In addition, i-cisTarget has a collection of 1331 TF ChIP-seq information and 2450 Histone modification tracks in human tissues and cell lines extracted from ENCODE and RoadMap Epigenomics databases . The user-defined regions are interrogated for each track collection and tracks significantly enriched are identified by determining the optimal threshold through a receiver operating characteristic curve. This analysis compares the enrichment of a track of the collection versus the average enrichment across the whole track collection and generates an NES.
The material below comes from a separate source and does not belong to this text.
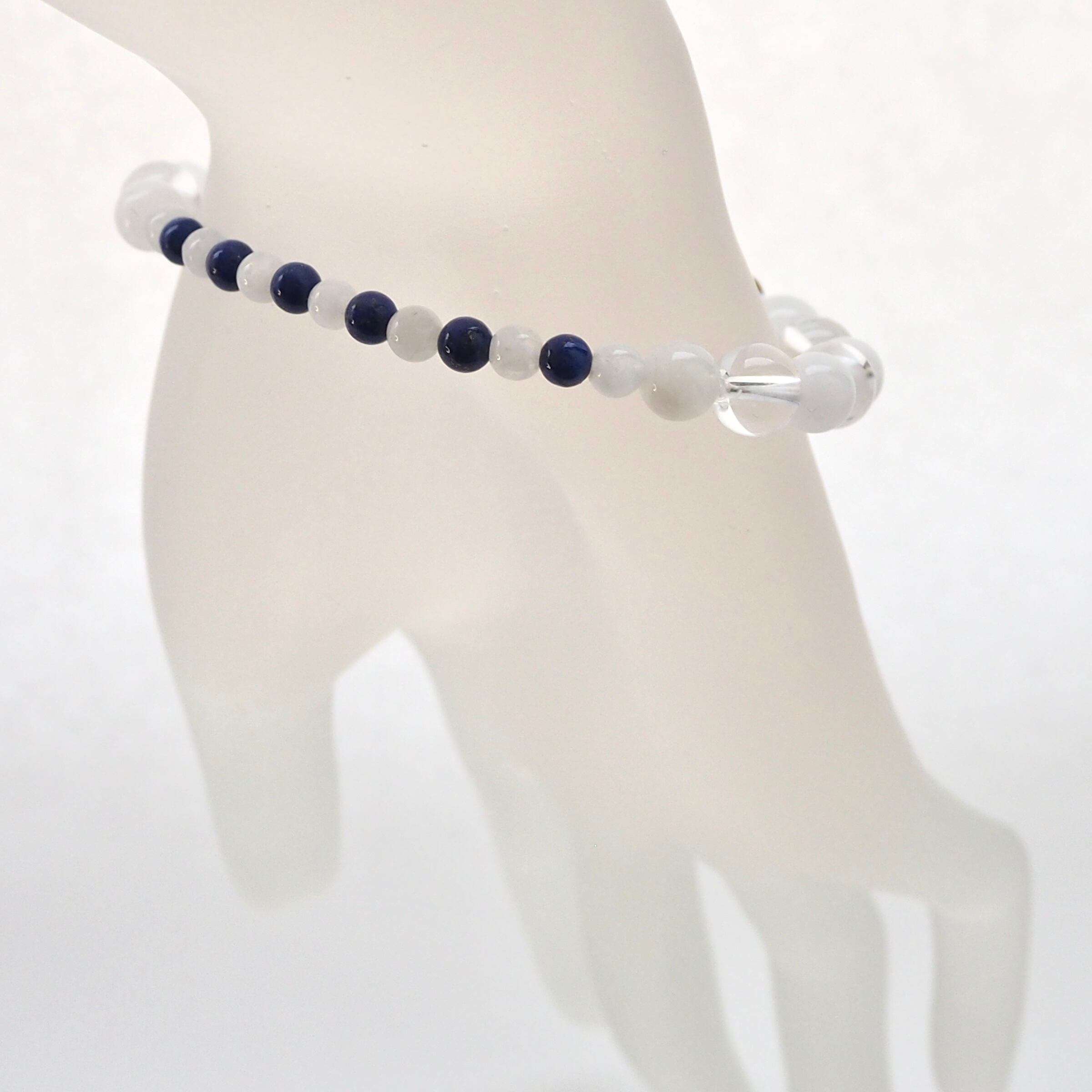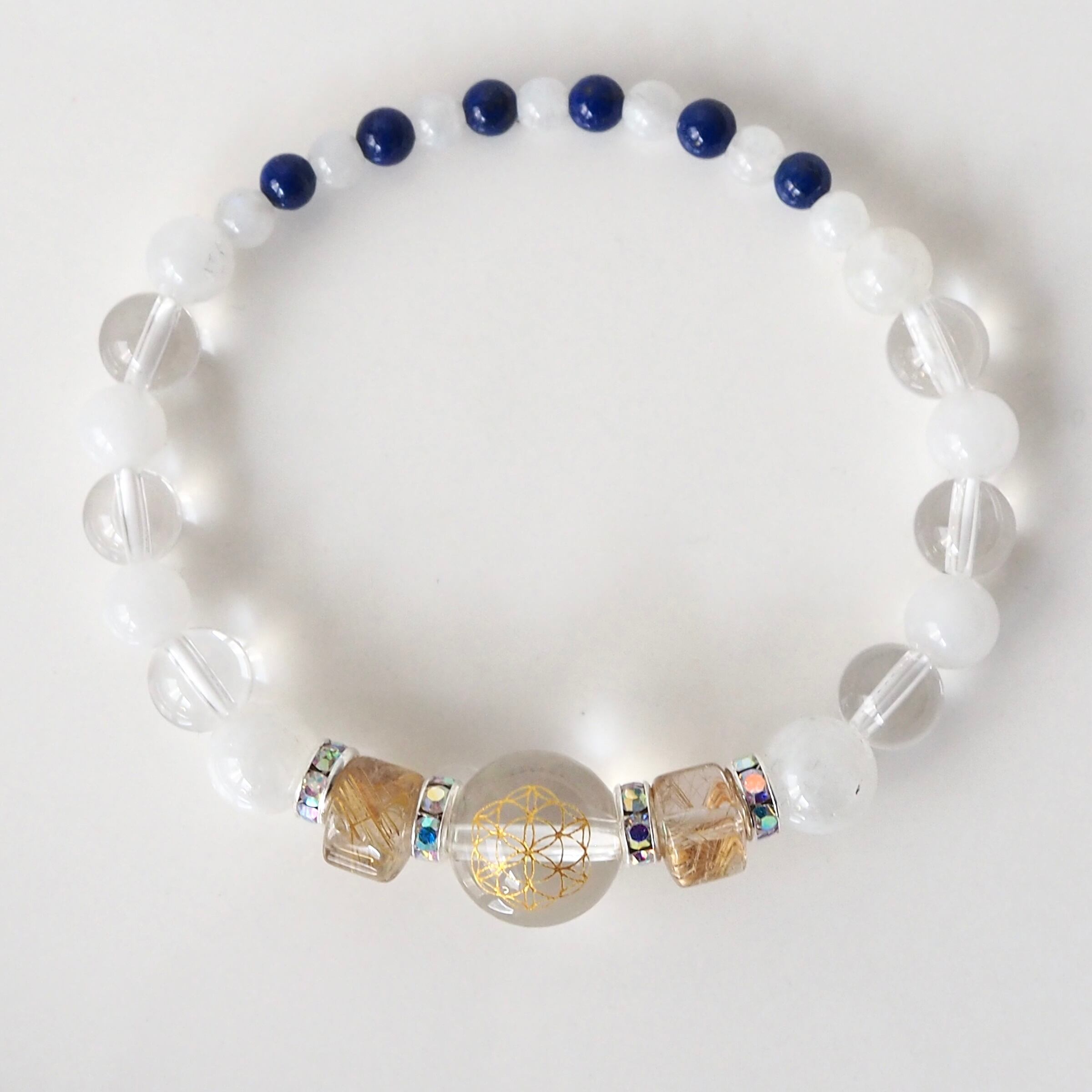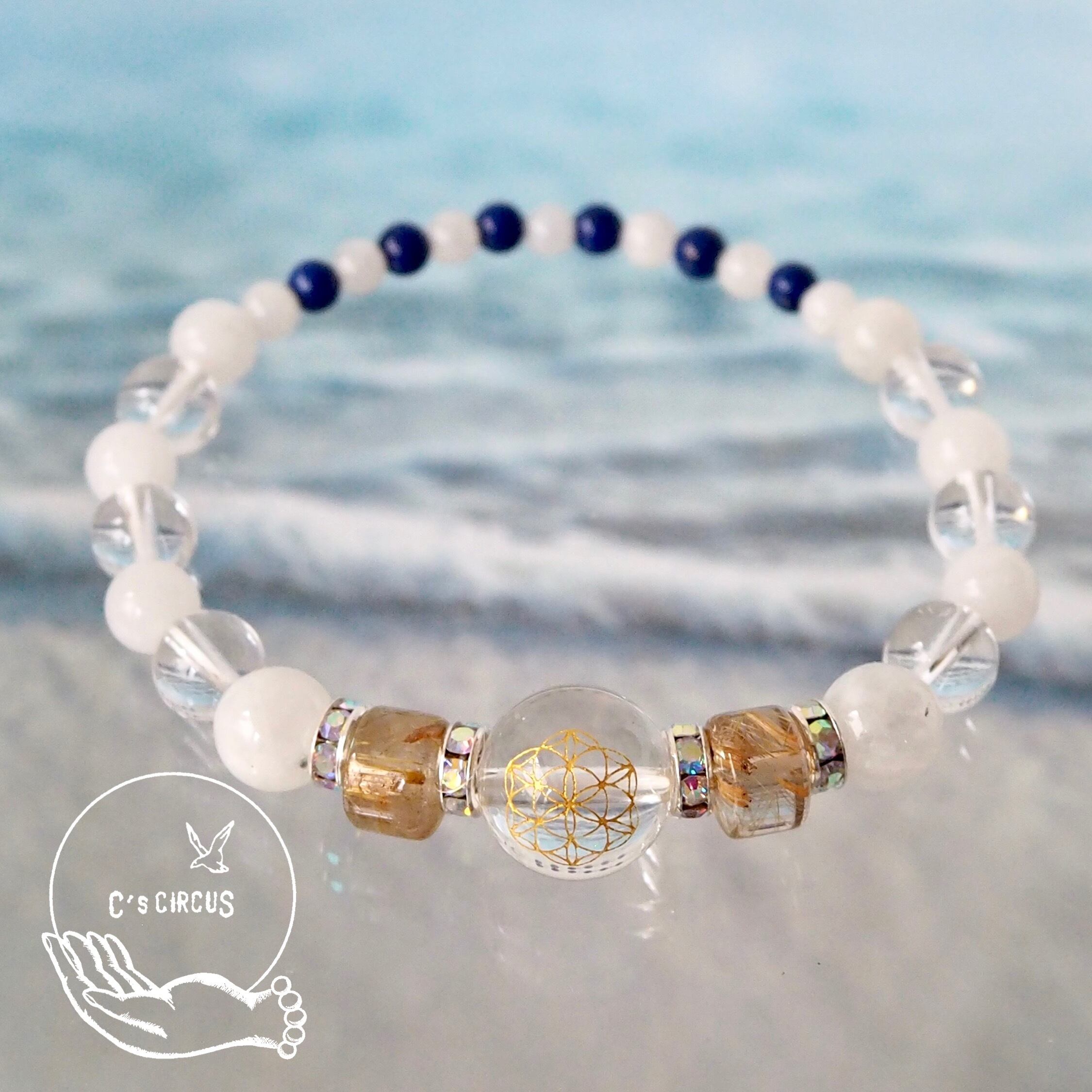 宇宙を表す神聖幾何学フラワーオブライフの12m mクリスタルクォーツ(水晶)を中心に金運アップのルチルクォーツ、潜在意識を引き出すムーンストーンとラピスラズリで囲みました。

Annotating the location of TF binding sites in the cattle genome
Human (hg19) regions predicted as targets for the top TF in liver, muscle, and hypothalamus were converted back to ARS-UCD1.2 coordinates using the liftOver tool as described before . Next, the overlap between these target regions and ATAC-seq peaks in each tissue was calculated using bedtools intersect (-wa -F 0.40) (v2.29.2) . To score and locate the potential TFBSs per TF of interest, we downloaded the PWMs for the top 10 PWMs associated with a TF from the motif discovery analysis . Peaks overlapping target regions for a TF were converted to fasta and re-scanned for the homotypic cluster of PWMs using the Hidden Markov Model from the tool Cluster-Buster (-m 0 -c 0) . The homotypic cluster score, motif score, and predicted binding location were calculated to annotate the active biding sites of the key transcription factor in each tissue.
Gene regulatory network
To validate the relationships between the master regulator of each tissue (top TF) and its predicted targets at transcriptional level, we used the previously described RNA-seq data of liver and hypothalamus to investigate gene co-expression [21,22,23]. In addition to the three post-pubertal Brahman heifers used for ATAC-seq libraries, RNA-seq data included three prepubertal Brahman heifers coming from the same original data so the number of samples would enable a co-expression study. This dataset is publicly available at EMBL-EBI BioSamples repository (www.ebi.ac.uk/biosamples) under the submission identifiers GSB-113 and GSB-8708 . RNA-seq reads were aligned to the same cattle reference genome, and read counts were estimated using -tools . The EdgeR R package  was used to normalize the counts by TMM (trimmed mean of M values) for each tissue, and only genes presenting at least 1 count per million reads mapped (CPM) in at least half of the samples were considered for further analysis. For each tissue, gene expression in log2CPM of the master regulator and its predicted targets were used to identify significant connections using the Partial Correlation and Information Theory (PCIT) algorithm . PCIT determinates significant correlations between two genes after accounting for all the other genes under scrutiny.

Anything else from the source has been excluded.